Rationale for Structural Requirements

Dimensions (epoch, sid) -- Standardizes time series structure, enables efficient indexing and slicing, and maintains compatibility with xarray operations.

Coordinates -- freq_* coordinates are required for band overlap detection. system, band, and code enable constellation- and signal-level filtering. sv tracks individual satellites.

Attributes -- "File Hash" prevents duplicate ingestion in storage. Other metadata attributes support provenance tracking and reproducibility.

ReaderFactory Pattern

The canvodpy.ReaderFactory lives in the umbrella package and provides name-based reader creation plus RINEX auto-detection. It is part of the generic ComponentFactory family (alongside GridFactory, VODFactory, AugmentationFactory).

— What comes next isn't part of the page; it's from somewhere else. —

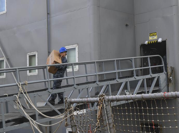 Keywords: USS The Sullivans is prepared for Hurricane Mathew. (30159054376).jpg JACKSONVILLE Fla Oct 5 2016 Petty Officer 3rd class Brittanie Murphy assigned to the guided-missile destroyer USS The Sullivans DDG 68 moves dry storage from a barge to The Sullivans in preparation for Hurricane Mathew U S Navy photo by Seaman Michael Lopez/Released 161005-N-TP832-013 Join the conversation http //www navy mil/viewGallery asp www navy mil/viewGallery asp http //www facebook com/USNavy www facebook com/USNavy http //www twitter com/USNavy www twitter com/USNavy navylive dodlive mil pinterest com plus google com https //www flickr com/photos/usnavy/30159054376/ USS The Sullivans is prepared or Hurricane Mathew 2016-10-05 12 28 https //www flickr com/people/56594044 N06 Official U S Navy Page from United States of America Seaman Michael Lopez/U S Navy Attribution License IPTC Caption-Abstract U S Navy photo PD-USGov-Military-Navy Official U S Navy Imagery https //flickr com/photos/56594044 N06/30159054376 2016-10-10 21 12 15 cc-by-2 0 161005-N-TP832-013 Navy Files from the U S Navy Flickr stream Hurricane Matthew 2016 October 2016 in Florida Photographs taken on 2016-10-05 USS The Sullivans DDG-68 Taken with Nikon D5 |

from canvodpy import ReaderFactory

# Name-based creation (works for all registered readers)
reader = ReaderFactory.create("rinex3", fpath="station.25o")
reader = ReaderFactory.create("sbf", fpath="station.25_")

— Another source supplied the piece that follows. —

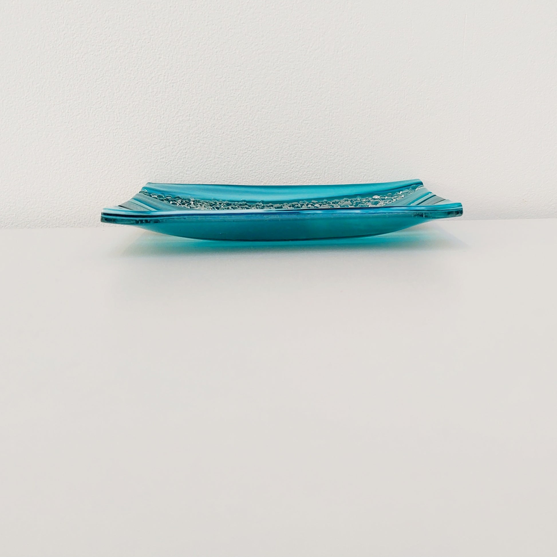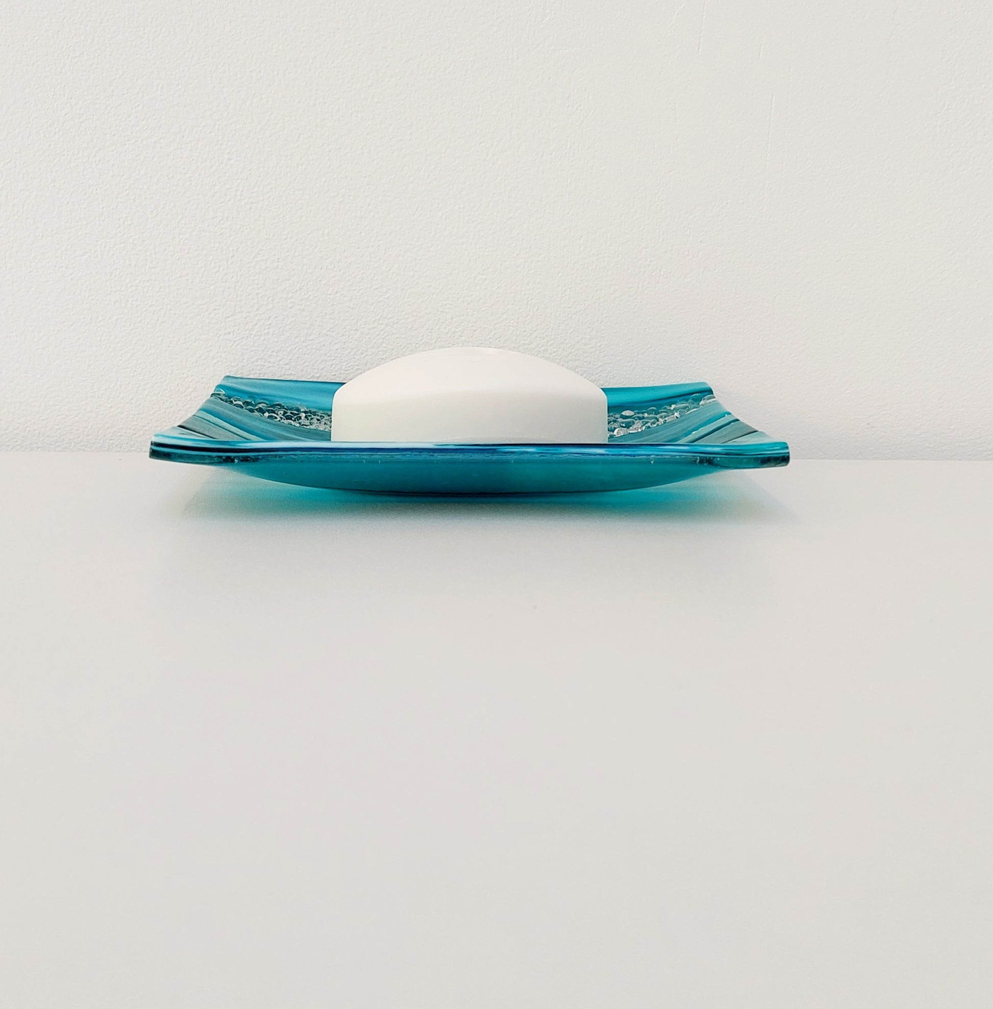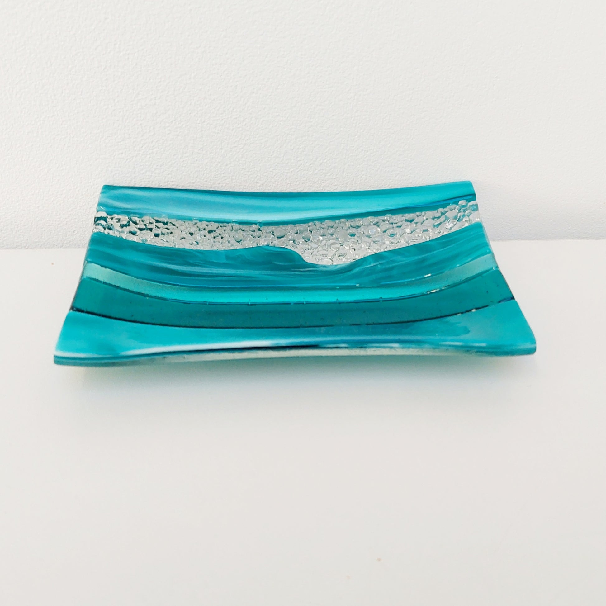 Aqua & Teal Glass Art Plate, Handmade Textured Soap Tray

# Auto-detect RINEX v2/v3 from file header
reader = ReaderFactory.create_from_file("station.25o")

# Register a custom reader
ReaderFactory.register("my_format", MyFormatReader)
reader = ReaderFactory.create("my_format", fpath="data.myf")

Auto-detection scope

create_from_file() auto-detects RINEX v2/v3 from the first 9 characters of the file header. SBF and other binary formats should use the name-based API: ReaderFactory.create("sbf", fpath=path).

Summary

The canvod-readers architecture is characterized by:

  1. Unified inheritanceGNSSDataReader(BaseModel, ABC) provides file validation, fpath, and model_config out of the box. New readers only need one parent class.
  2. Validated signal identifiersSignalID catches invalid SVs and malformed signal IDs at creation time, not during analysis.
  3. Guided Dataset constructionDatasetBuilder handles coordinate arrays, frequency resolution, dtype enforcement, and validation automatically.
  4. Contract enforcement through the ABC, ensuring consistent behavior across all readers.
  5. Type safety via Pydantic, catching errors during parsing.
  6. Structural validation through validate_dataset(), ensuring downstream compatibility.
  7. Extensibility — new formats can be added in ~30 lines without modifying existing code. See Building a Reader for a step-by-step guide.